Although political conditions vary between each nation, in all countries in the area (except for Nicaragua) the support of citizens to the idea that the president acalle to the opposition parties, one of the indicative features of the self -criticization of a political system, according to the investigators. This growth was greater in El Salvador, Costa Rica and the Dominican Republic, where that group almost reached half of the population, according to measurements of the Public opinion project of Latin America (Lapop) used in the report. “Vast sectors of citizenship agree on the reduction of political liberties, certainly a very worrying indicator,” reads the document, which also identifies an erosion of the weight and counterweight system by measures aimed at limiting judicial independence, to the control bodies and the press.
An analysis contained in the report reveals that the largest population groups in the Card region are the “populists”, a category that refers to individuals who express support to democracy, but that would also approve the concentration of power in a strong leader to solve the problems, although it does not fully comply with the rules of democratic. That group ranges between 37% and 60% in each country, with the exception of Guatemalans and Hondurans, which are distributed more equitably among extreme positions: authoritarian or convinced Democrats. The openly authoritarian are around 20% in the region and almost equate the convinced Democrats, except in Costa Rica, where the latter group represents 34% and the first 11%.
Now the crisis that already identified the State Report of the region of 2021, when a deterioration of democratic institutionality and the strong blows to COVID-19 at times that had thought were to dedicate to celebrating 200 years of independence, is deeper and deeper. In the last four -year period there was an insufficient, erratic and dissimilar economic recovery, while social spending was contracted in health and education, which was reflected in less coverage of teaching and other basic services. “This is very serious for itself, but even more in the light of the demographic trend and the impact it can have on the productivity and quality of life of people in the coming years,” said Alberto Mora, coordinator of the report after the launch in the first week of May in Panama.
The first edition of the report, in 1999, reported that children under 14 were 41% of the population, but now they are only 26%. The people of working age were then just over half and now represent two thirds, but the educational profile is low and the lack of opportunities pushed to migrate to one in nine, especially to the United States, where the new government promotes policies that threaten the rights of migrants and refugees, collects the compendium. Uncertainty surrounds the source of remittances, which in 2023 represented a quarter of the GDP of El Salvador, Honduras and Nicaragua, while in Guatemala they reached 20%. The average volumes of the region quintuplic those of Latin America, although the data of 2024 are to be seen and especially the effects of migratory pressures on remittances in 2025.

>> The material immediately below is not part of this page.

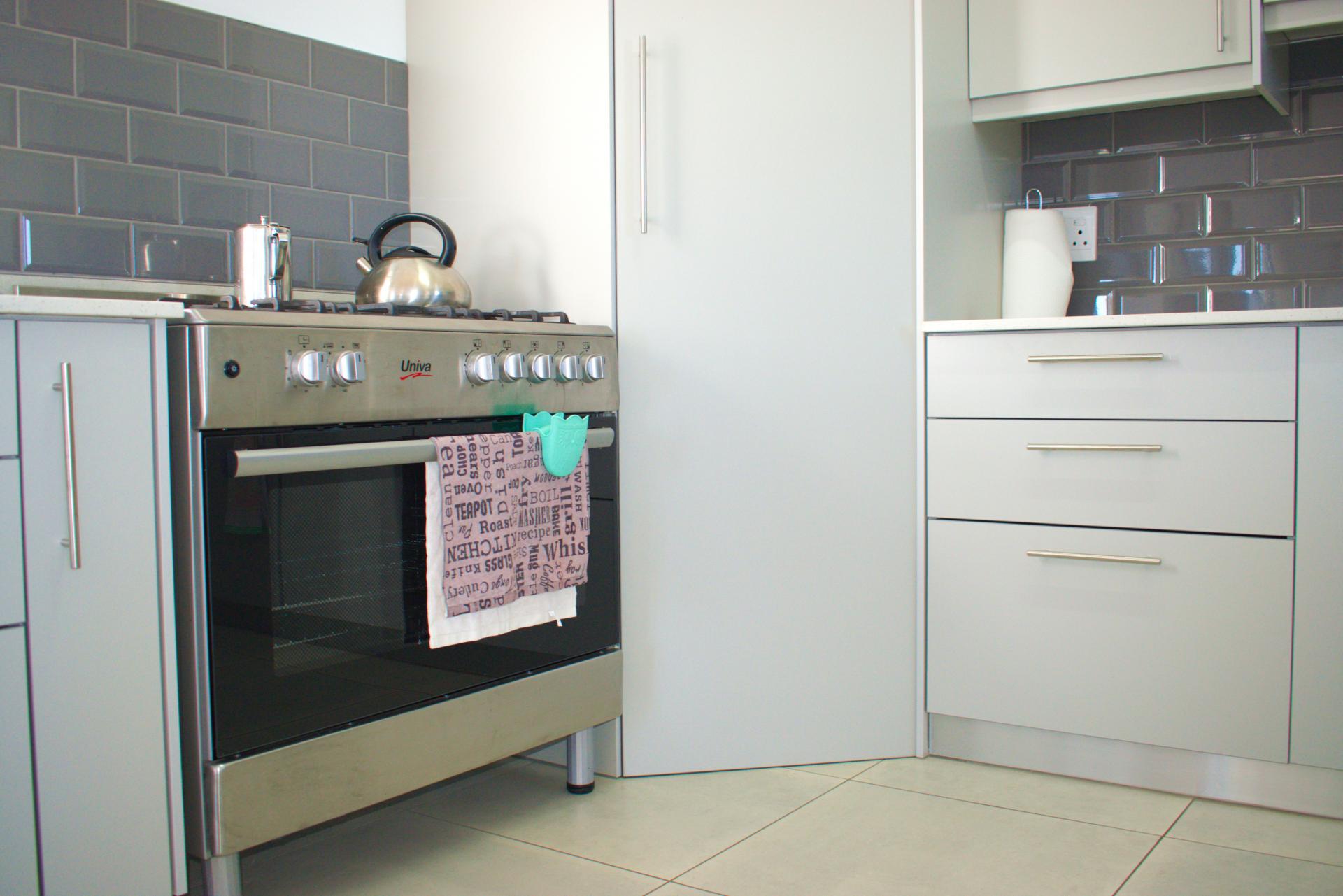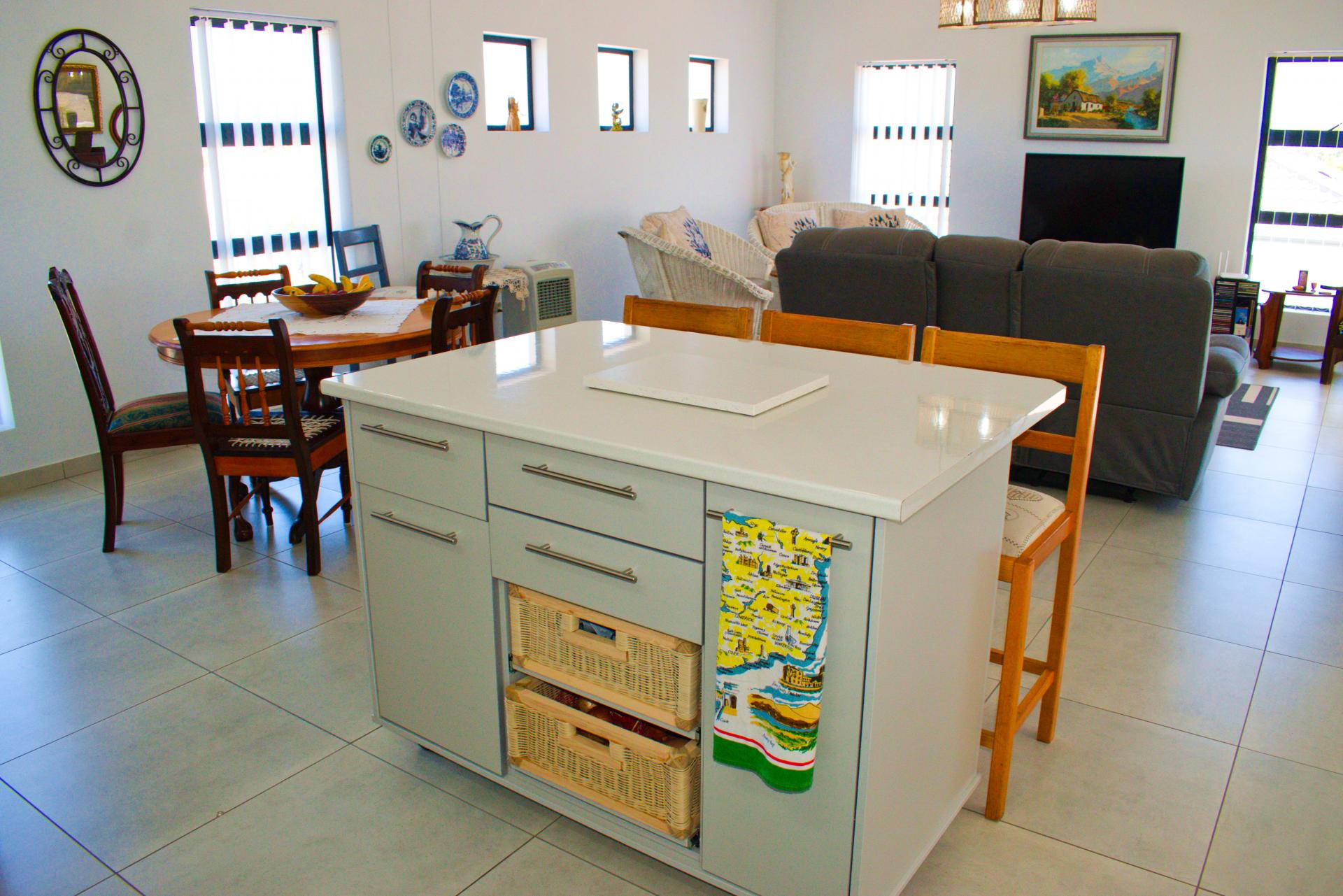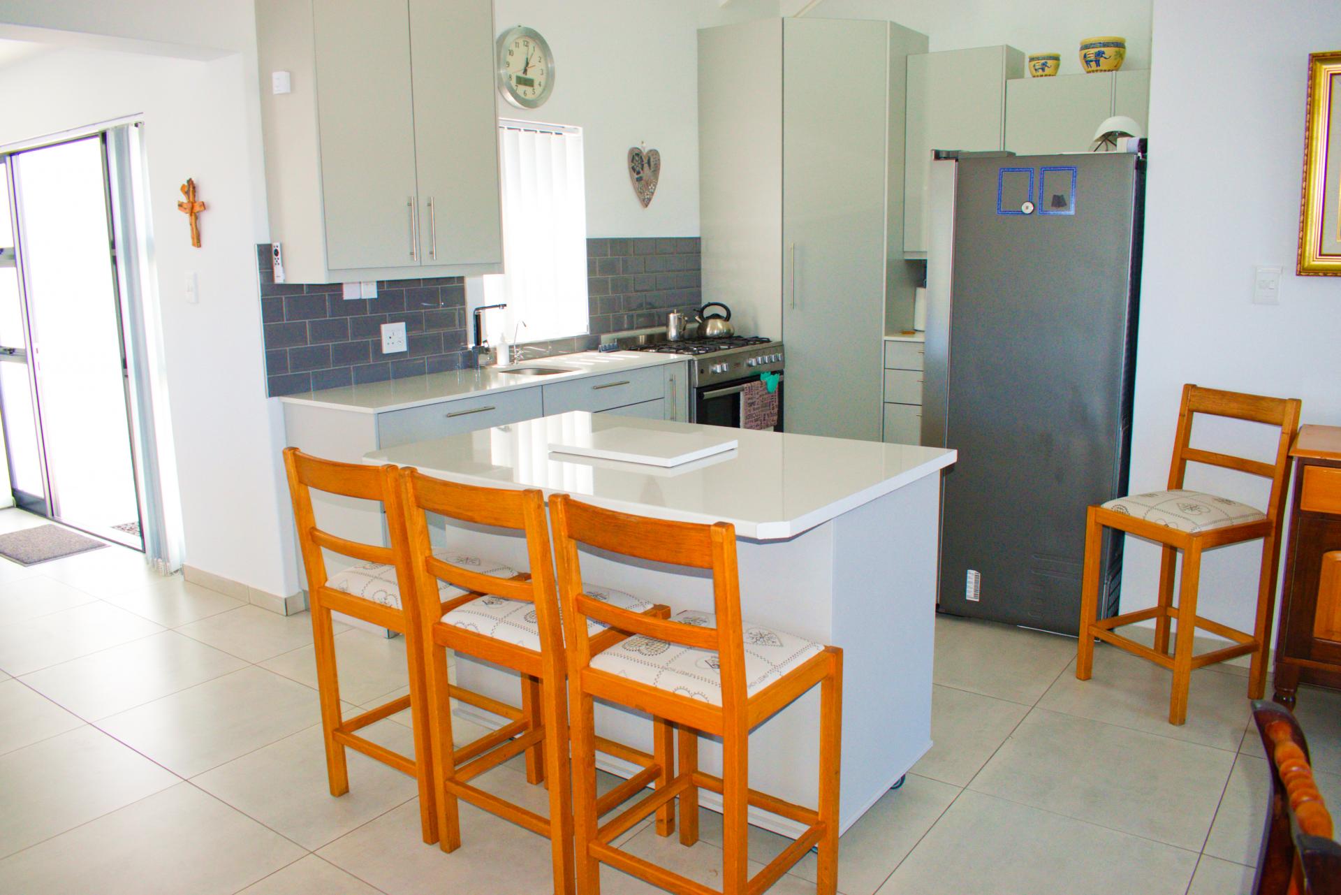 • Open-plan kitchen with stone working tops, gas stove, lots of ample built-in cupboards and center island.

This cocktail of adverse factors compromises the illusions that sprouted with the peace agreements in the final layouts of the cold war. Institutional efforts, the promotion of civil liberties and the creation of economic opportunities for the great majorities were insufficient to support the demands of the population, the pressure of the dominant elites, of the populist attacks of authoritarian court. “If at that time pacification opened a hope for sustainable human development and democracy, today that hope has faded to a large extent,” the report ends.